* What to work on:
What is needed is a word-for-word copy of the lines below from the one with "die Kripo-Gemeinschaft und" through the one with "- Когда дрожжи", both included, with every picture left out.

* Records:
####################

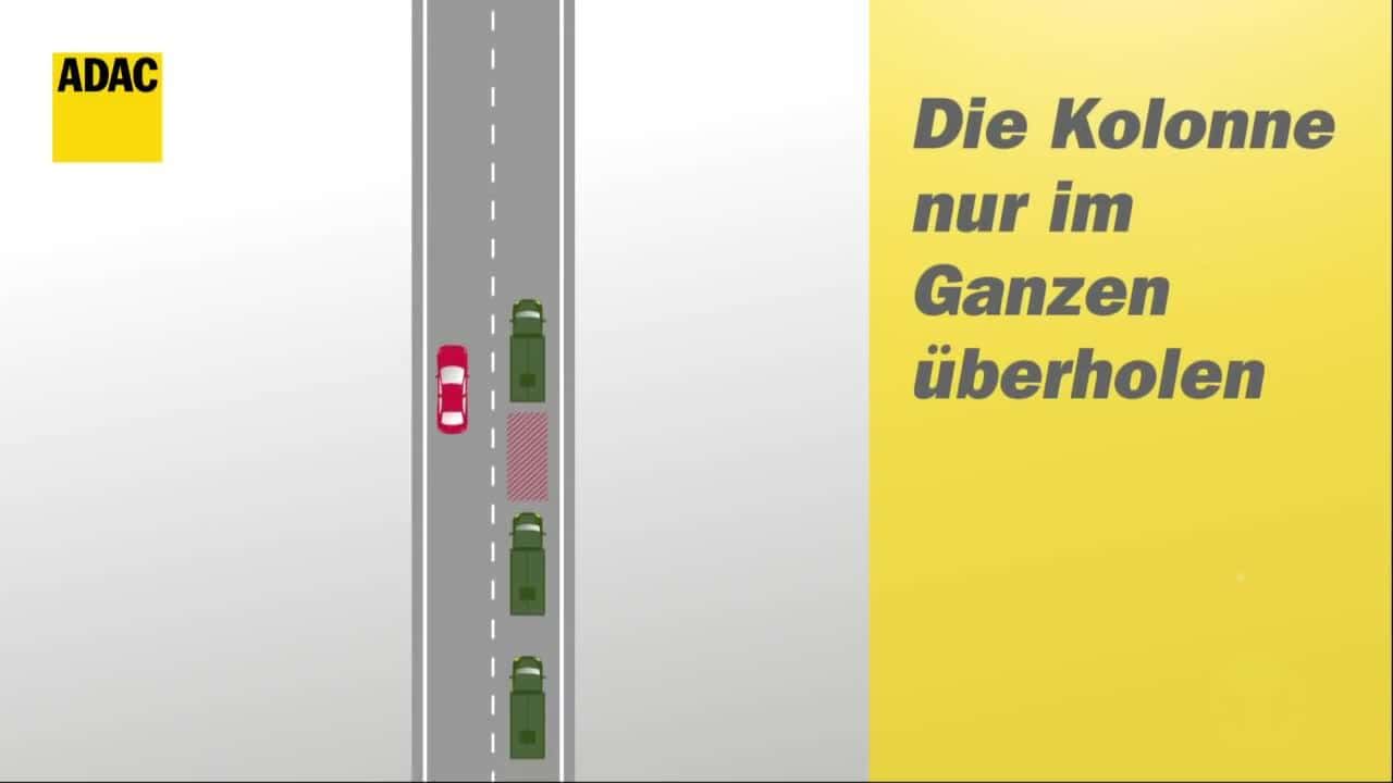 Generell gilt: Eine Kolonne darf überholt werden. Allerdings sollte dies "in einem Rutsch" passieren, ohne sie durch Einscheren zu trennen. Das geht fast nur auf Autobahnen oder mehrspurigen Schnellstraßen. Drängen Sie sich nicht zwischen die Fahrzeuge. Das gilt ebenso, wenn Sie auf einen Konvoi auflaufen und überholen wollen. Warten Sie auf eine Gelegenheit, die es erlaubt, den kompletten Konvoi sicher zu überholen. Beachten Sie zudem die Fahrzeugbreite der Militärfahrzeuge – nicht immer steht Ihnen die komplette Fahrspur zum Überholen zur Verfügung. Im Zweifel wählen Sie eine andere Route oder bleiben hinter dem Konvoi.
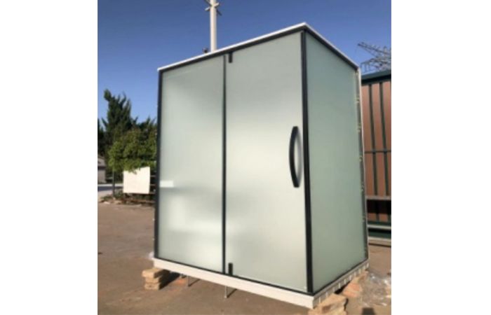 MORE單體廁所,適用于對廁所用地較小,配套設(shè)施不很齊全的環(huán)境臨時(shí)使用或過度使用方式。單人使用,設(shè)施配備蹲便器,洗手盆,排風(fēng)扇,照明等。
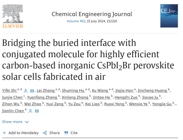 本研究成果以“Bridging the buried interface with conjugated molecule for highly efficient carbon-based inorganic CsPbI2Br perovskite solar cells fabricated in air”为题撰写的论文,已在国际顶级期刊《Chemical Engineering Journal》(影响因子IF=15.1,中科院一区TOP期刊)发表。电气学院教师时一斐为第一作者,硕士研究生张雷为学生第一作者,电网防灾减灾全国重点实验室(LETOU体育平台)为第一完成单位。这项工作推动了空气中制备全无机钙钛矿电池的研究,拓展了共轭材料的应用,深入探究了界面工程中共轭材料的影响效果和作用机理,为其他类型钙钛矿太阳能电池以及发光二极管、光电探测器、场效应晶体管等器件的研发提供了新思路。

####################

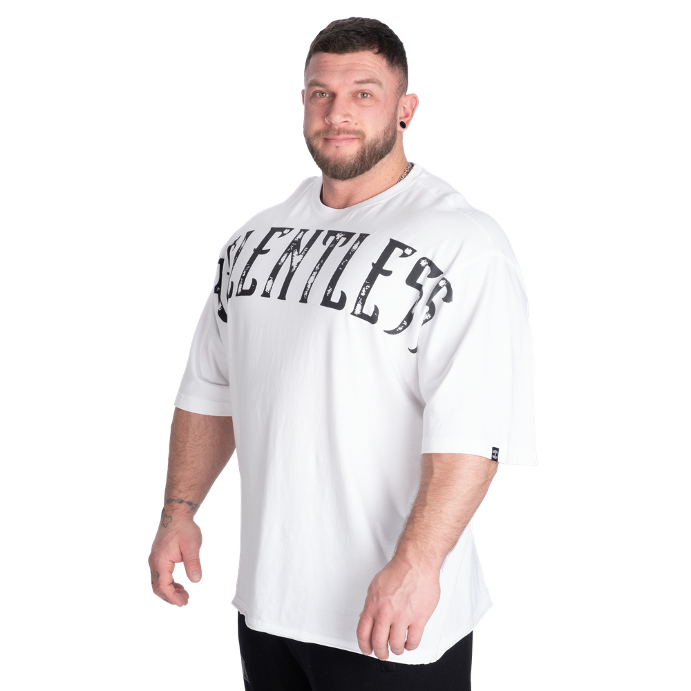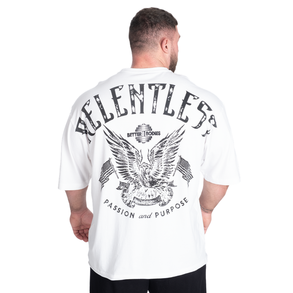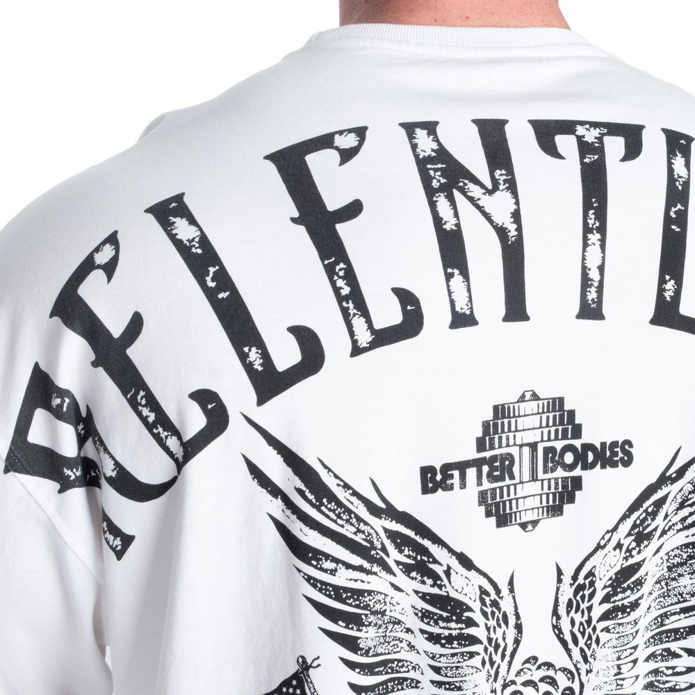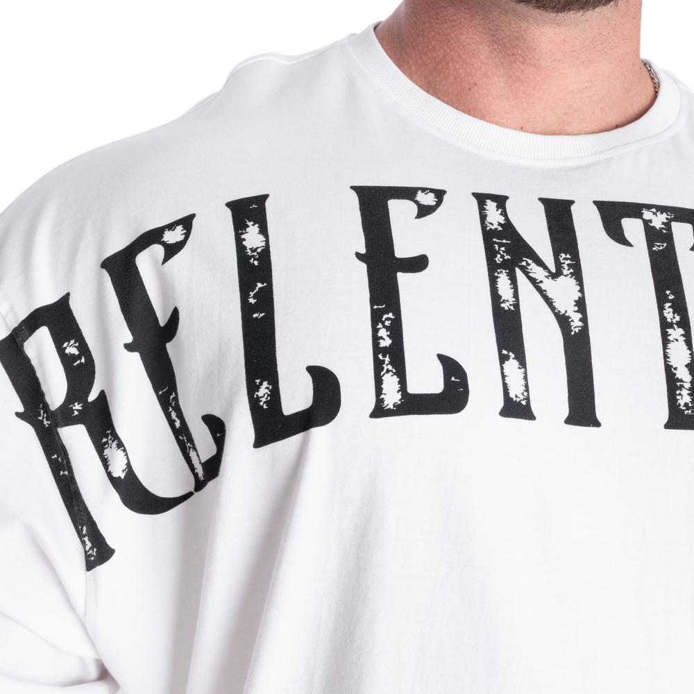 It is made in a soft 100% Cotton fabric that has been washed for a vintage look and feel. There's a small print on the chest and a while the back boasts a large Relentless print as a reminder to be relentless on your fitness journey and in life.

####################

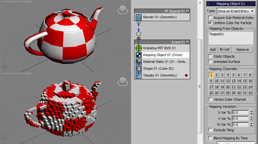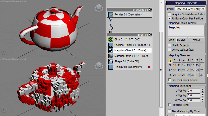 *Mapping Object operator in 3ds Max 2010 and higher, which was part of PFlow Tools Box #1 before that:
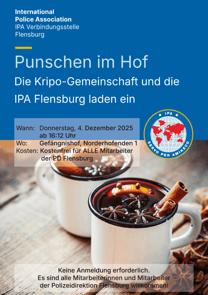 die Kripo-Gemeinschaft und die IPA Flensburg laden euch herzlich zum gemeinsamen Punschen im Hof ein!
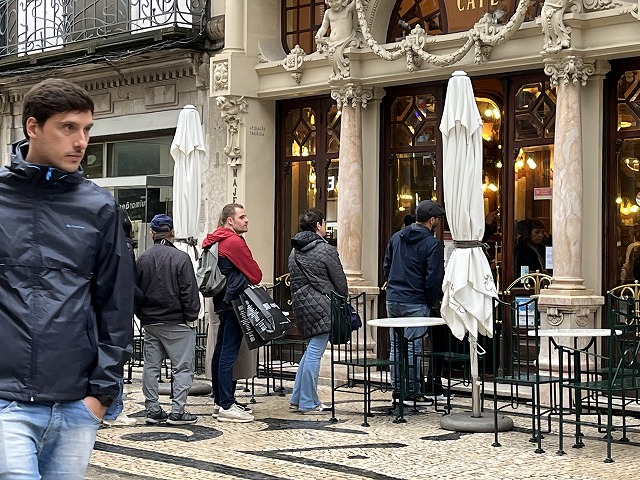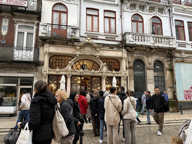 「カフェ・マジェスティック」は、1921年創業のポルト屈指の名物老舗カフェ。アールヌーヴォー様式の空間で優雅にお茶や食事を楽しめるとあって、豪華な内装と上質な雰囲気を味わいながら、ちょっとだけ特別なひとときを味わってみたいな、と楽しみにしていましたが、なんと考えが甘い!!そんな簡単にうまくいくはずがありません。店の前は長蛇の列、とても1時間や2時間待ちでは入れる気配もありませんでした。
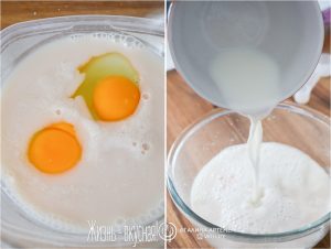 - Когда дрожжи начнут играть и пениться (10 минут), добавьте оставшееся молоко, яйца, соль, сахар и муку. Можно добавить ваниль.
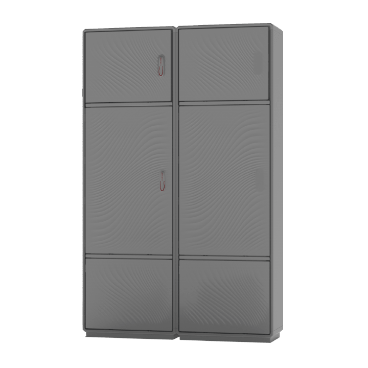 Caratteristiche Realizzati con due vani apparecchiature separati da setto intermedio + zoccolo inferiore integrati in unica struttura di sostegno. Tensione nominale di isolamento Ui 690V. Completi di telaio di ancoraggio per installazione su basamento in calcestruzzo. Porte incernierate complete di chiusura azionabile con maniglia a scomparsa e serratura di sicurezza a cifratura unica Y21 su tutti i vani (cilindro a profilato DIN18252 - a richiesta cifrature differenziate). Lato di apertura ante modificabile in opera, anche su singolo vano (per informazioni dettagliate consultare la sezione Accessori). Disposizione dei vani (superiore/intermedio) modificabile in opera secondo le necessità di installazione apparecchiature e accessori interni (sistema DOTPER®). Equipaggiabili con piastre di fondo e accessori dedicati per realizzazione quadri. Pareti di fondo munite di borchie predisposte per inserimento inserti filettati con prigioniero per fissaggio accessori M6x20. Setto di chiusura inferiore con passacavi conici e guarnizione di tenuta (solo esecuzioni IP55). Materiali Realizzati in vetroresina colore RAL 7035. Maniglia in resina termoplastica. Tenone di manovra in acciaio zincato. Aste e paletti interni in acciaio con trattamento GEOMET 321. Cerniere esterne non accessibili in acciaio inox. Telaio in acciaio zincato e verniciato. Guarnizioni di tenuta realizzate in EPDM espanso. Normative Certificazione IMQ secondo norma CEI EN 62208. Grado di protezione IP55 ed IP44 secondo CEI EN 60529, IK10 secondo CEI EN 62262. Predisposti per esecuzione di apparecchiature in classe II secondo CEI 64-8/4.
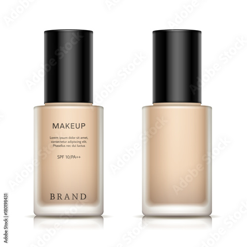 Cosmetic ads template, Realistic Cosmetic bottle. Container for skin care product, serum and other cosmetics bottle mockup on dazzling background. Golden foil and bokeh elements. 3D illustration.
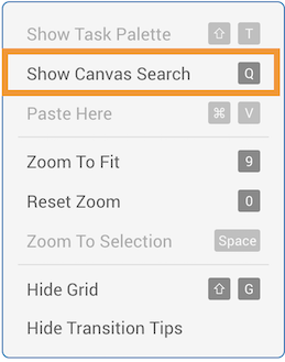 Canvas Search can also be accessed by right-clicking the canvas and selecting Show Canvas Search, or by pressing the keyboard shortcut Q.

####################

* Worked solution:
 die Kripo-Gemeinschaft und die IPA Flensburg laden euch herzlich zum gemeinsamen Punschen im Hof ein!
 「カフェ・マジェスティック」は、1921年創業のポルト屈指の名物老舗カフェ。アールヌーヴォー様式の空間で優雅にお茶や食事を楽しめるとあって、豪華な内装と上質な雰囲気を味わいながら、ちょっとだけ特別なひとときを味わってみたいな、と楽しみにしていましたが、なんと考えが甘い!!そんな簡単にうまくいくはずがありません。店の前は長蛇の列、とても1時間や2時間待ちでは入れる気配もありませんでした。
 - Когда дрожжи начнут играть и пениться (10 минут), добавьте оставшееся молоко, яйца, соль, сахар и муку. Можно добавить ваниль.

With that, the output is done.